From the prism of partisanship, however, the proposed tripartite structure does not make the system any less partisan; on the contrary, it may render the problem more pronounced as it may all the more emphasize the patronage element.

The system “brands” the appointee and identifies him with the appointing sector, thereby exacerbating the negative aspects of the Filipino utang na loob. This insidious influencing factor cannot be beneficial to the court which should be neutral and bias-free in its decision making.
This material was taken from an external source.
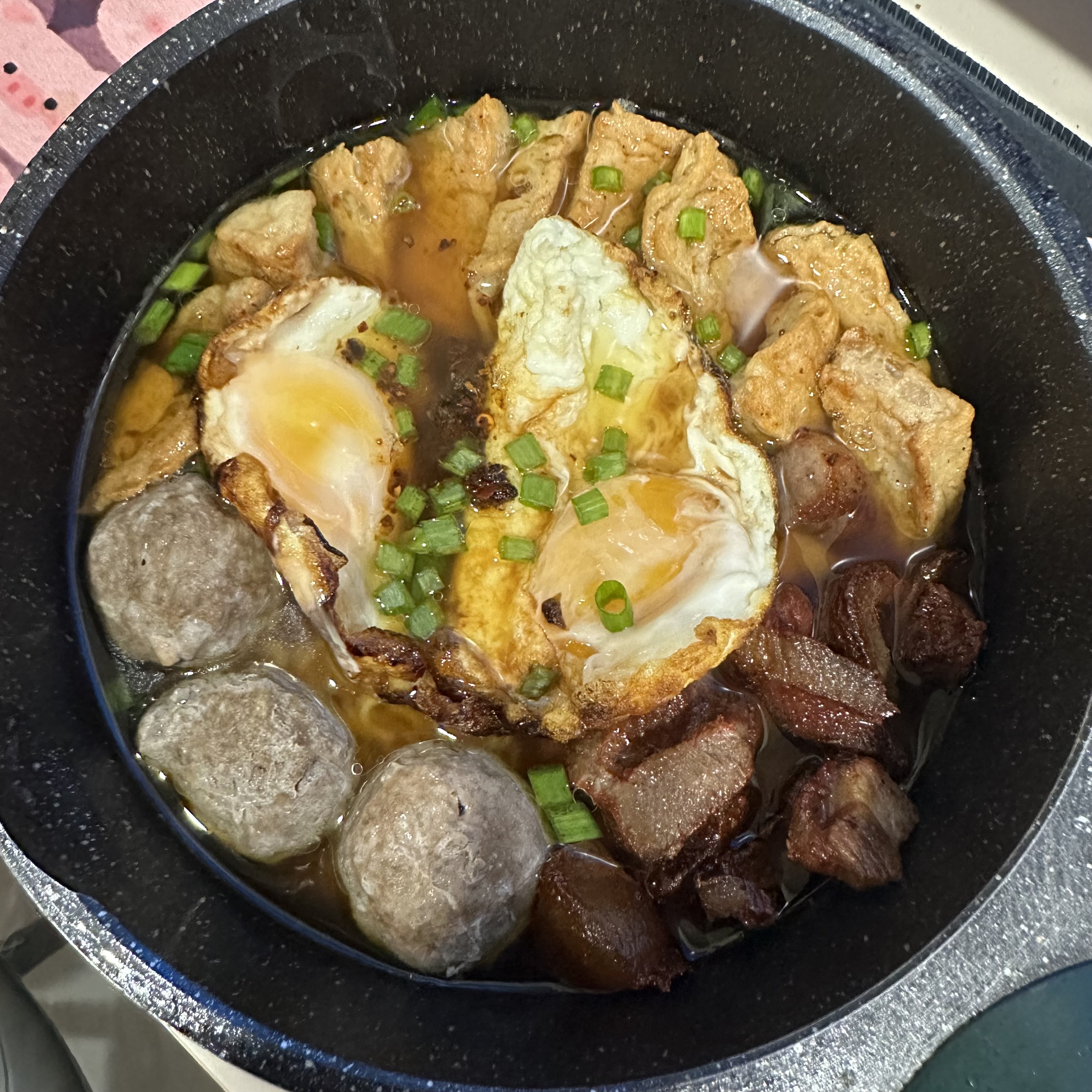 Egg and Meatball Soup | ["eggs","meatballs","broth","green onions"] | ["eggs:200g","meatballs:150g","broth:250g"] | |

To my mind, one measure to minimize these effects is to subject the Supreme Court nominees to the most rigid examination of their private and professional lives from the constitutional standards of competence, integrity, probity, and independence. Thereby, the system impresses upon the appointee that he became a court magistrate based on his own merits, not through any “favor” extended to him by the appointing authority.

The draft proposes to give the vetting task to the Judicial Appointments and Disciplinary Council composed of 11 ex-officio and 4 regular members who must personally vote for their chosen nominees. This composition, while large, aptly distributes the areas of expertise in examining the nominees’ private and professional lives.
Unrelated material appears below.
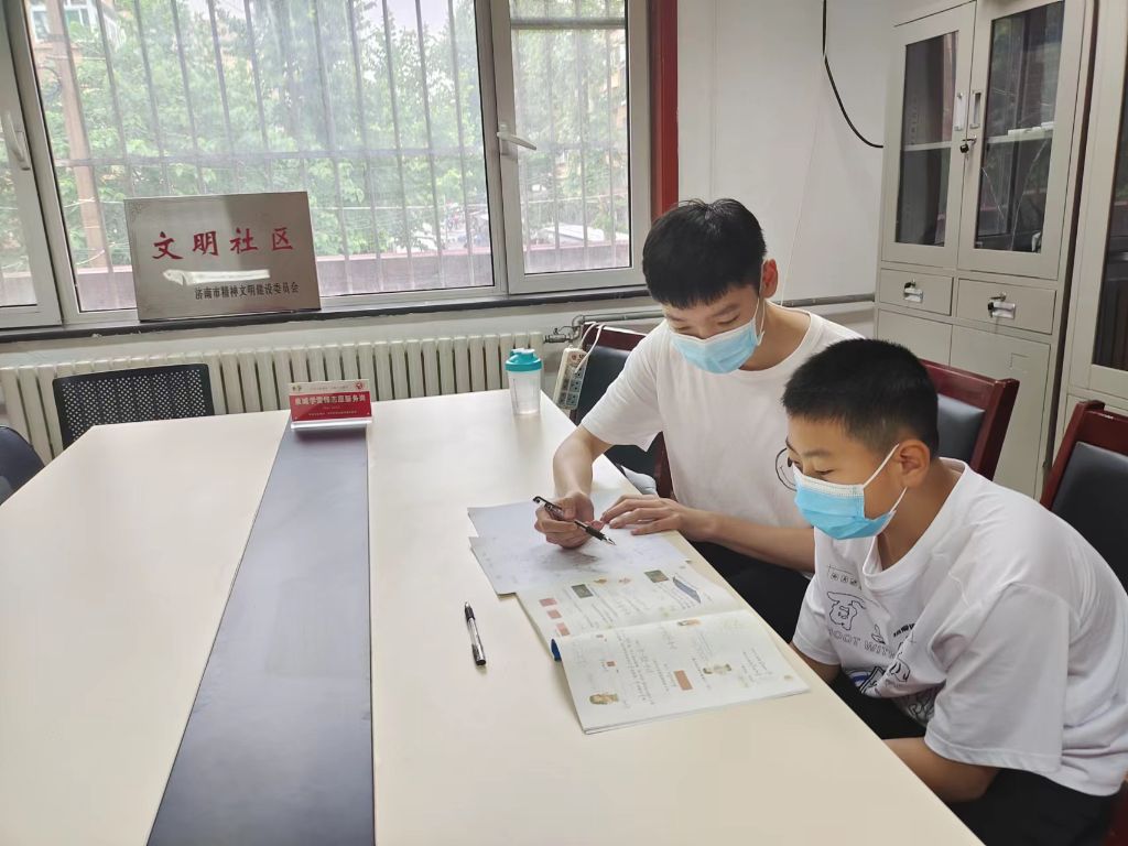 为满足辖区困境儿童教育辅导需求,舜玉路社工站通过在《中国志愿服务网》发布“关爱困境儿童学业帮扶”项目,成功链接到辖区一名志愿者大学生。在社工、社区大学生志愿者、社区儿童主任和服务对象的共同协商下,制定了服务计划,志愿者利用暑假期间,在每周二、四在舜玉社区图书阅览室,开展每次2小时的六年级数学课业预习,为服务对象接下来的学习奠定基础。在语文学科预习方面,社工为服务对象链接到寒假期间给孩子提供过课业辅导的志愿者,进行每周一次的线上一对一教育辅导。

The vetting system, however, still leaves a significant room for failure under the Constitution’s 90-day limit for filling up a Supreme Court vacancy.
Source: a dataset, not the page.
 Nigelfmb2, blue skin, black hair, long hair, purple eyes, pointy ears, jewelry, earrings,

As we are seeing today, there was initially no taker for the position of chief justice more than a month after this position was declared vacant. With the fixed 90-day time limit, this means that, as of today, the council’s time to examine the nominees (who must still accept the nomination to be considered a contender) is already less than 60 days.

Assuming a 30-day time limit for the filing of applications or the acceptance of nominations, the enormity of the council’s task and the insufficiency of time can be fully appreciated once the scope of the examination and the applicable standards are considered.

Consider that the nominee must be a lawyer who has been in law practice or in government service for at least 15 years. While competence and legal expertise may not be very difficult to establish, the other traits, particularly integrity and probity, are not as easy to explore.

Since the nominee will “dispense justice,” the traits of integrity and probity should particularly consider the nominee’s fairness in all his dealings. This should include the fairness and ethical conduct (not only the legality) the nominee exhibited in all his professional actions, most especially in his past judicial decisions.

The Statement of Assets, Liabilities, and Networth (SALN), including the Income Tax Returns and the bank accounts of the nominees, are critical documents for examination to test for probity. These are telling records that should be open to the council and to the public, and should not be shielded from scrutiny by length of time nor by any legislation.

Likewise critical is the lifestyle examination, not only of the nominee but of his family. Can the nominee provide this lifestyle to his family based on his legitimate assets and income?

To what extent should the examination be? Can the council look at the financial records of the nominee’s wife, children, and siblings to determine if they served (or at least raise the suspicion of serving) as conduits for the nominee in concealing his illegal or unethical activities?

Can all these be meaningfully examined by the council and by the public within the allotted time in situations when there are many nominees to the vacant position, as had happened in the past?

How much time should the appointing authorities themselves be given within which to choose from among the list of nominees submitted by the Council? Both reason and practicality require that the appointing powers themselves be allowed time to undertake their own independent investigations.

Overall, will there be sufficient time and opportunity to fully examine the nominees’ competence, integrity, probity, independence, and fitness for the vacant Supreme Court position?

In my opinion and from past experience, the tripartite appointment structure as well as the ConCom’s 90-day limit negate the intent to appoint the best men and women to the Supreme Court, and, in fact, can act as deterrents in carrying out this intent – a consequence the ConCom never intended.